Code split: core agent loop ~450 lines, Playwright environment ~570 lines, CLI ~150 lines.
## Key mechanisms
- **Code as the action space** — Playwright scripts, not coordinate guesses or DOM selectors
- **Disposable browsers** — spawn and discard sessions; no state entanglement across tasks
- **Multi-step composition** — chain many web interactions inside one model step
- **Workspace persistence** — scripts, logs, screenshots survive after the agent exits, inspectable + reusable
- **Self-verification** — agent generates a final script + self-reflection config, reruns it in a fresh folder, and judges pass/fail before marking the task done
- **Context compaction** — long trajectories get summarised while concrete artifacts (files, screenshots) are kept verbatim
## Benchmark results (paper)
- **Online-Mind2Web** (300 live tasks, 136 sites): 86.7% with GPT-5.4 + Webwright at N=100 steps. Easy 96.2%, Medium 88.1%, Hard 76.6%. [[Claude Opus 4.7]] hits 84.7% overall but is stronger on Hard (80.5%).

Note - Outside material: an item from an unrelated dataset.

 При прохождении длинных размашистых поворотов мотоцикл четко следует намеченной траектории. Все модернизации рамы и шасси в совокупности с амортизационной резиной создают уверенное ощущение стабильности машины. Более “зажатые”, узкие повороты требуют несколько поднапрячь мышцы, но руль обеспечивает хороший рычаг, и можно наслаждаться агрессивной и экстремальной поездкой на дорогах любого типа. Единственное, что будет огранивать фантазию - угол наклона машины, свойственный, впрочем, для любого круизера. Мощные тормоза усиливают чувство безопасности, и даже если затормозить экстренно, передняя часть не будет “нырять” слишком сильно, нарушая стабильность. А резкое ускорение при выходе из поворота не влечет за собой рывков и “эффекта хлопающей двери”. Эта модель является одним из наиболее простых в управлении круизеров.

- **Odysseys** (200 long-horizon tasks, ~76 avg steps): 60.1% with GPT-5.4 — a 35.1 pp lift over the prior SOTA (Opus 4.6 at 44.5%) and 79.4% relative improvement over base GPT-5.4 (33.5%).
- **Small model lift**: [[Qwen]]-3.5-9B reaches 66.2% on Online-Mind2Web hard split when augmented with Webwright's tool selection. The harness genuinely amplifies cheap models, not just frontier ones.

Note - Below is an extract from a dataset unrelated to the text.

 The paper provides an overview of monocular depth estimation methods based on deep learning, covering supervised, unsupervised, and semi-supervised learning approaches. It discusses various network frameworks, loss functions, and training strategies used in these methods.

- **Cost**: $2.37/task with GPT-5.4 vs $6.09/task with Opus 4.7 (Opus uses fewer steps but is priced higher). First 50 steps deliver ~82% accuracy; the next 50 add only 3-4 pp — diminishing returns are clear.
## Reusability angle
A completed Webwright script can be packaged as a reusable CLI with arguments and shared across harnesses — [[Codex CLI]], [[Claude Code]], [[OpenClaw]], [[Hermes Agent]] — via the shared `skills/webwright/` skill manifest (compatible with the [[AI Agent Skills]] / `agentskills.io` standard). That makes Webwright not just an agent but a *script forge*: the artifact, not the trajectory, is what gets reused.
## Install & quickstart
Two usage paths: a standalone CLI (Webwright drives its own LLM loop) or a Claude Code / Codex plugin (the host agent drives the loop natively, no extra API key).
Requirements: Python 3.10+, an isolated virtual environment (e.g. `uv venv`, `python -m venv`, `conda`), an API key for the chosen backend if running the standalone CLI. The repo must be cloned locally for either path (`pip install -e .` is editable-install against the source tree).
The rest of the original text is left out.